▶ _Task to carry out_
None of the images should appear in your copy. Transcribe the data in full.

▶ _Input data_
________

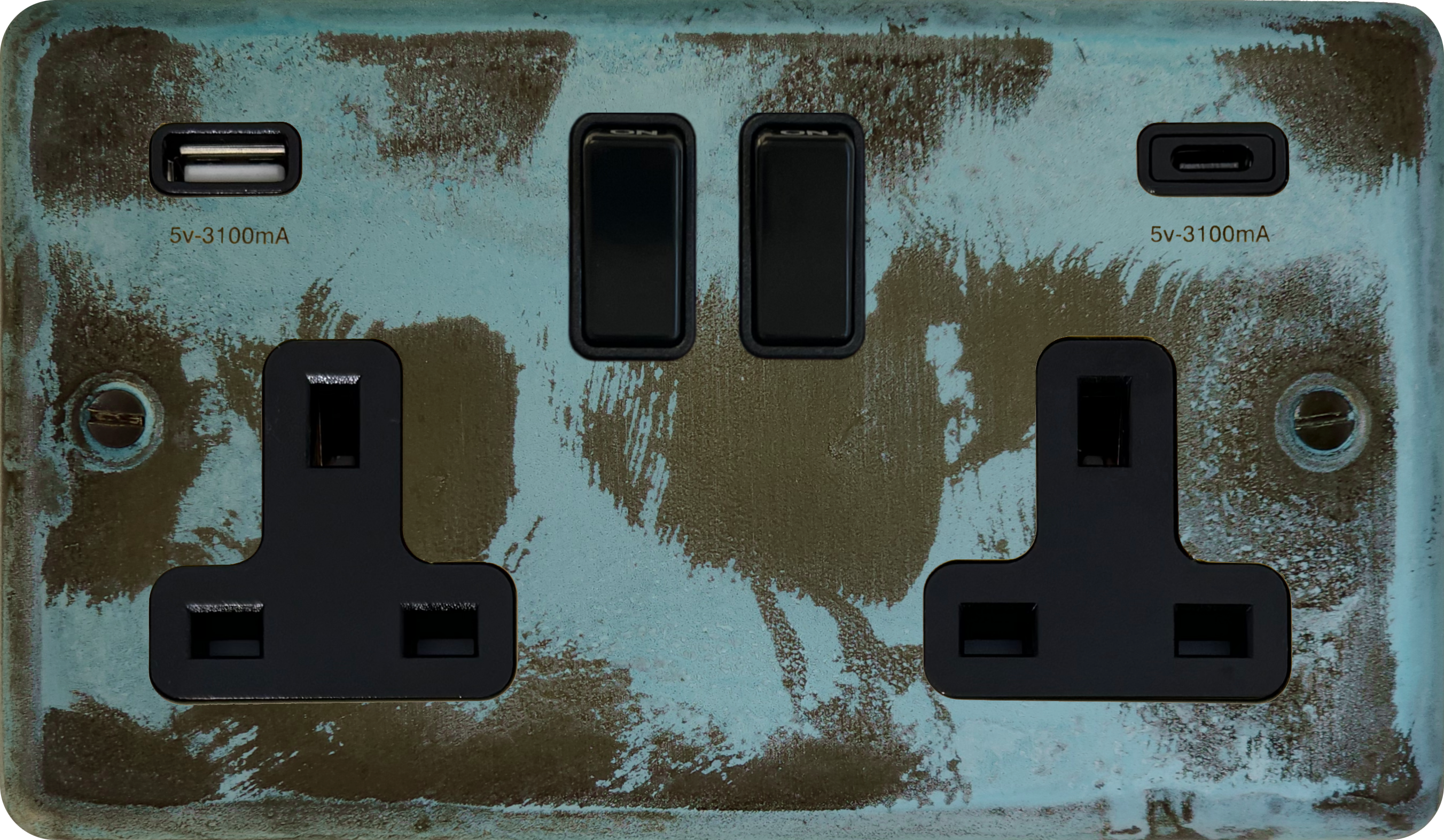 Contour Verdigris Double Socket with USB (USB-A and USB-C/Black Switches) - G+H CV911B
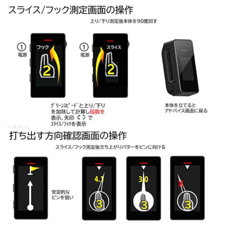 | ・カラー:ブラック ・素材:ABS樹脂、スチール ・サイズ(閉じた状態):H59×W27×D26.5mm ・サイズ(開いた状態):H59×W27×D39mm ・質量:約35g ・入力:D5V 1A~2A ・充電時間:約40分 ・内蔵電池:300mAh ・液晶:1.14サイズ/TFT液晶 ・使用環境温度:約0-40度 ・使用時間の目安:約2ラウンド(ホール毎に電源のON/OFFを行った場合) ・保証期間:1年間 ・生産国:中国 |
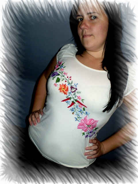 Csinos egyedi hímzésű kézzel varrott kalocsai mintás női felső póló RENDELÉSRE!
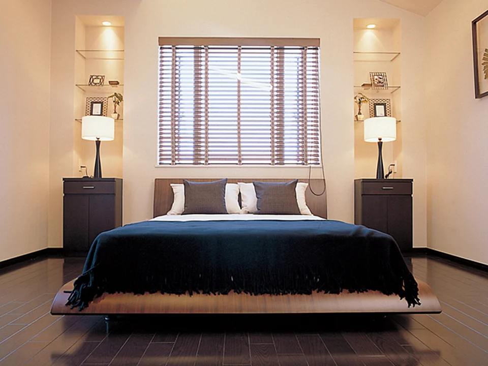 ダークな色調の床材をセレクトし、落ち着いた雰囲気をもたせた主寝室。書斎も併設され、ワンランク上の安らぎの時間を演出します。

________

▶ _Exercise response_
 Contour Verdigris Double Socket with USB (USB-A and USB-C/Black Switches) - G+H CV911B
 | ・カラー:ブラック ・素材:ABS樹脂、スチール ・サイズ(閉じた状態):H59×W27×D26.5mm ・サイズ(開いた状態):H59×W27×D39mm ・質量:約35g ・入力:D5V 1A~2A ・充電時間:約40分 ・内蔵電池:300mAh ・液晶:1.14サイズ/TFT液晶 ・使用環境温度:約0-40度 ・使用時間の目安:約2ラウンド(ホール毎に電源のON/OFFを行った場合) ・保証期間:1年間 ・生産国:中国 |
 Csinos egyedi hímzésű kézzel varrott kalocsai mintás női felső póló RENDELÉSRE!
 ダークな色調の床材をセレクトし、落ち着いた雰囲気をもたせた主寝室。書斎も併設され、ワンランク上の安らぎの時間を演出します。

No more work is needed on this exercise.